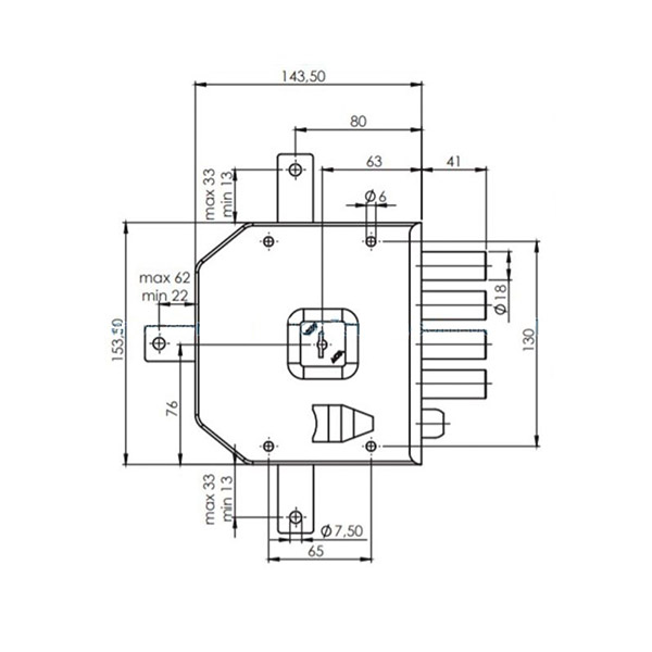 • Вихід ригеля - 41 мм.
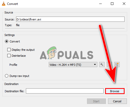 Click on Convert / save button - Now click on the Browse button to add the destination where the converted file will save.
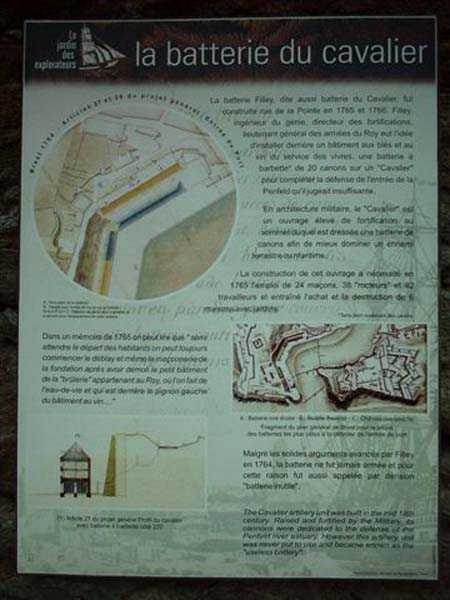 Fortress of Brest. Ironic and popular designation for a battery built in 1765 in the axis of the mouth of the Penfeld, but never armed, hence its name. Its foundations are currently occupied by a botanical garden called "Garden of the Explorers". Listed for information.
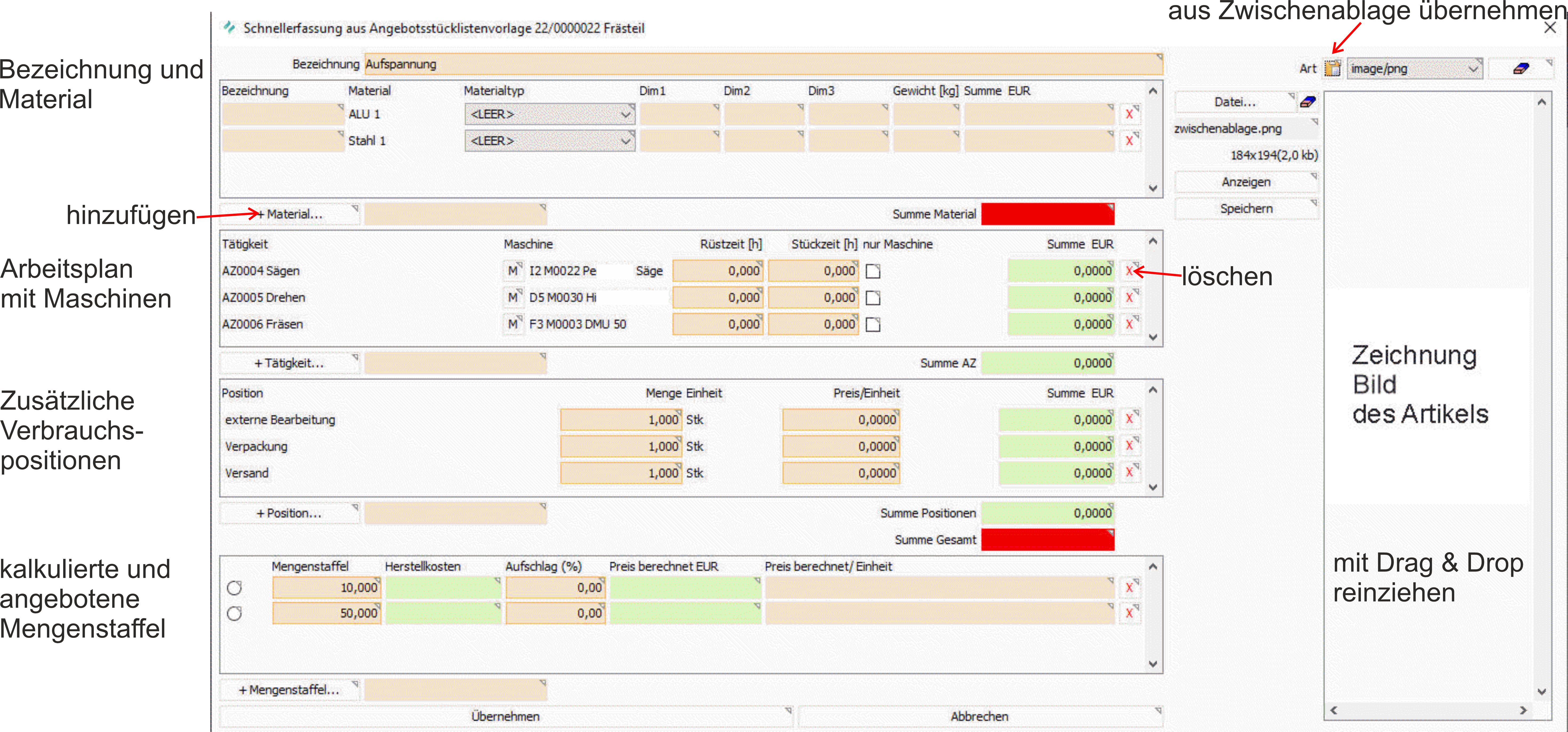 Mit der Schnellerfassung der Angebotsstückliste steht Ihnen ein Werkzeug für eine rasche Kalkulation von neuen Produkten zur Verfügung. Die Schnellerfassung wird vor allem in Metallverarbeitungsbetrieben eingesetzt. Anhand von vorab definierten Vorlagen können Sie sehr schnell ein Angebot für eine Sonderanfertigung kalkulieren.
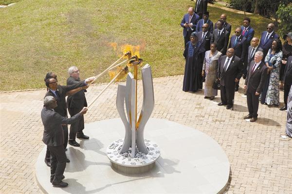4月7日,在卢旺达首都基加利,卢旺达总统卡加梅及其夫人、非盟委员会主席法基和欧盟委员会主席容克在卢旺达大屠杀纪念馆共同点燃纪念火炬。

--

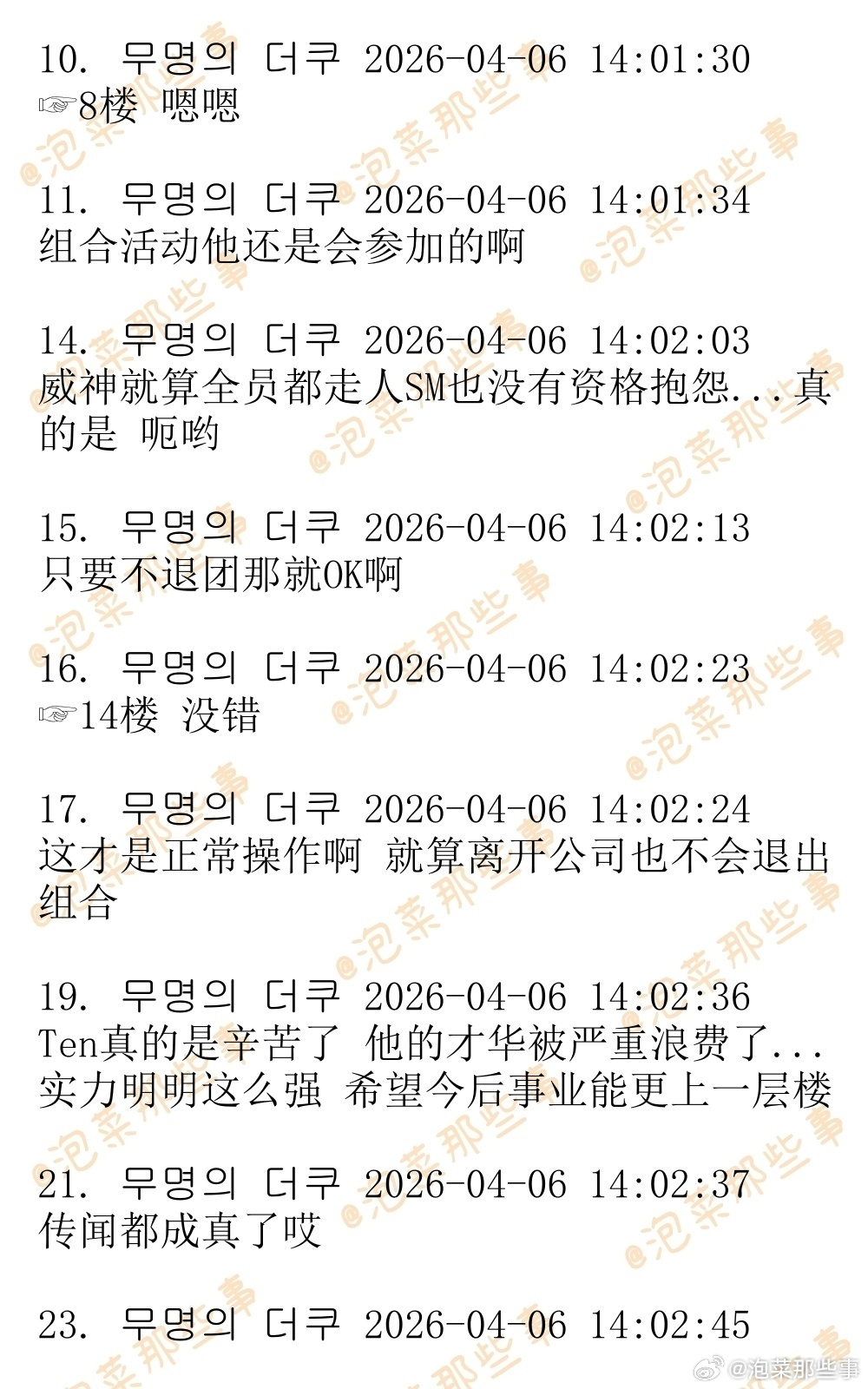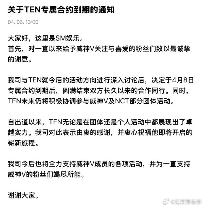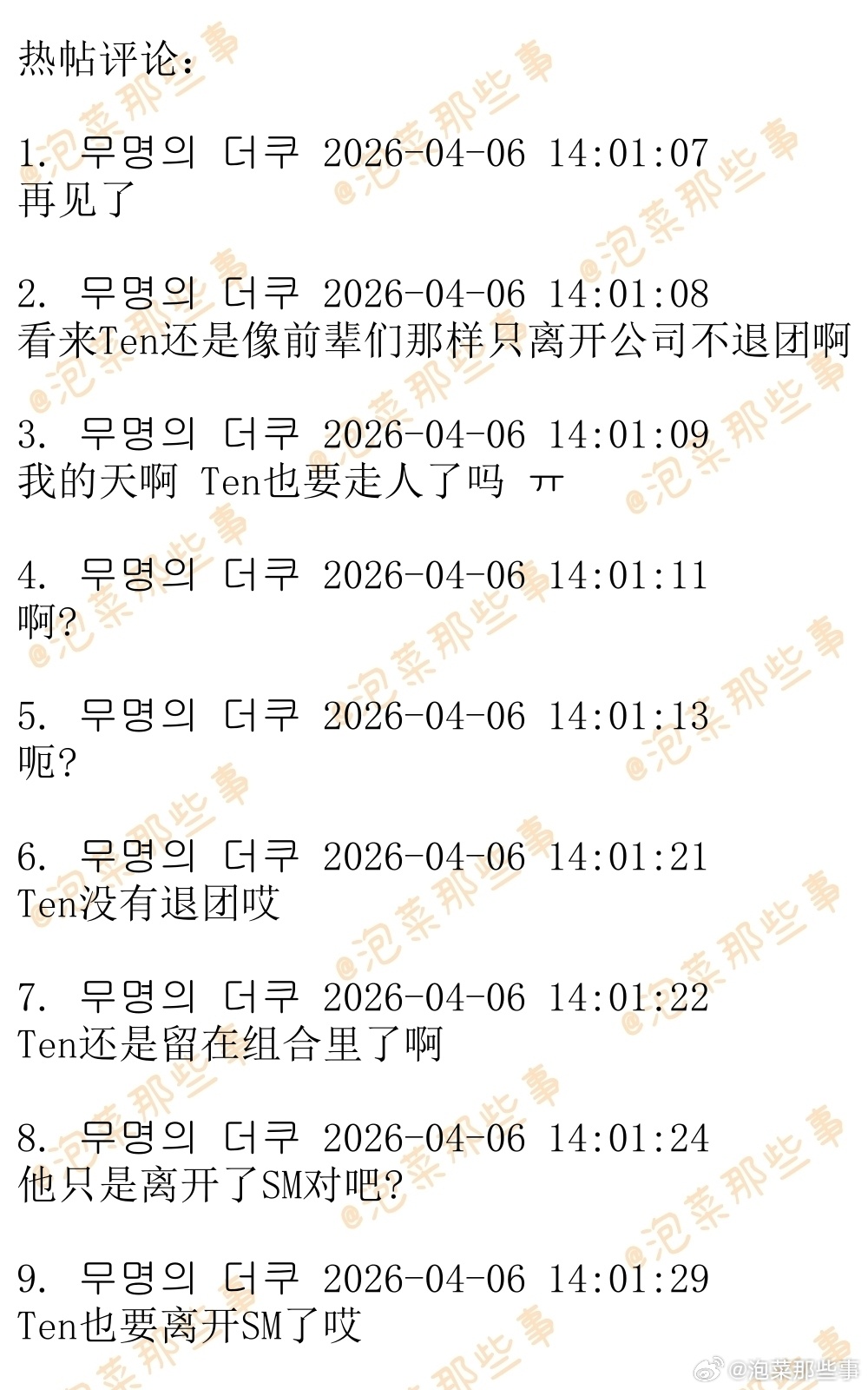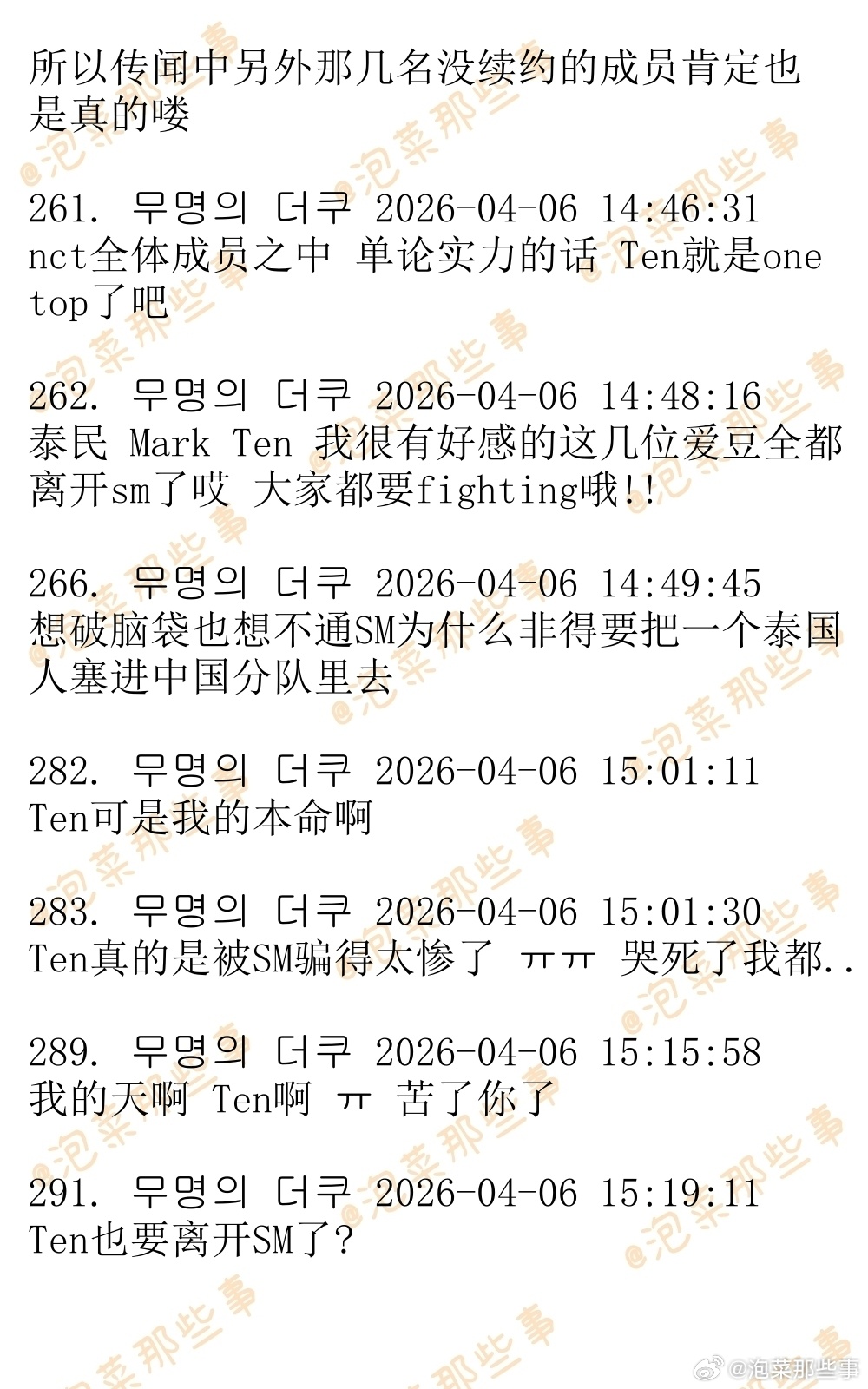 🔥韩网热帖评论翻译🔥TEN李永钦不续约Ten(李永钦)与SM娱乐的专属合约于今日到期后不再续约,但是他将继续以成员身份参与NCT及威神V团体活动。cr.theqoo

* * *

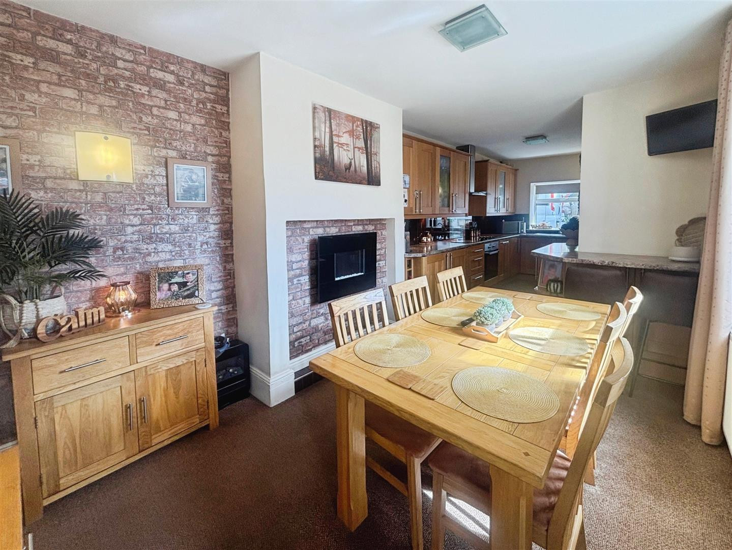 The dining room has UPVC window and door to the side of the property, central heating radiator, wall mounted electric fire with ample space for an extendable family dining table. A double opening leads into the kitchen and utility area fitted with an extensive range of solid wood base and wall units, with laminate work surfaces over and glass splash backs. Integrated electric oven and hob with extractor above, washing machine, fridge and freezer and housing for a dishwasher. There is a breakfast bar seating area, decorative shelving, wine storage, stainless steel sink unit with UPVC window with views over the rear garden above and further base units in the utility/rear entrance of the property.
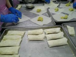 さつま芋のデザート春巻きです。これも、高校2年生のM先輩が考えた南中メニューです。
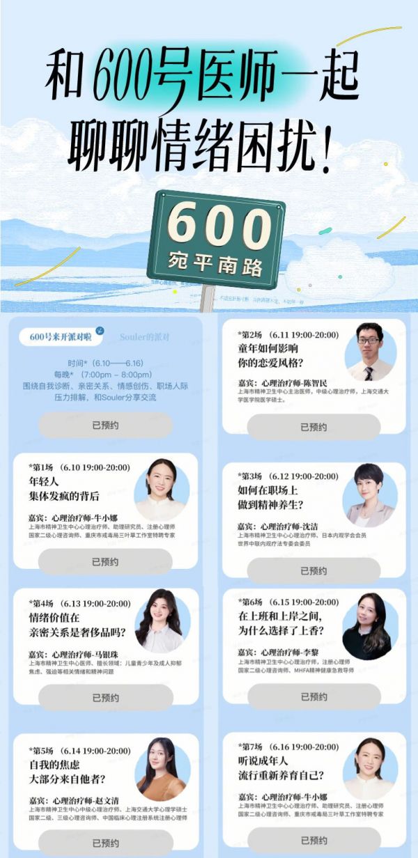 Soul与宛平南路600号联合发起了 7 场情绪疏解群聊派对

» WORK TASK
Above are the records; return the lines in them from the one with "Mit der Schnellerfassung" to the one with "4月7日,在卢旺达首都基加利", inclusive, exactly and without images.

» OUTPUT
 Mit der Schnellerfassung der Angebotsstückliste steht Ihnen ein Werkzeug für eine rasche Kalkulation von neuen Produkten zur Verfügung. Die Schnellerfassung wird vor allem in Metallverarbeitungsbetrieben eingesetzt. Anhand von vorab definierten Vorlagen können Sie sehr schnell ein Angebot für eine Sonderanfertigung kalkulieren.
4月7日,在卢旺达首都基加利,卢旺达总统卡加梅及其夫人、非盟委员会主席法基和欧盟委员会主席容克在卢旺达大屠杀纪念馆共同点燃纪念火炬。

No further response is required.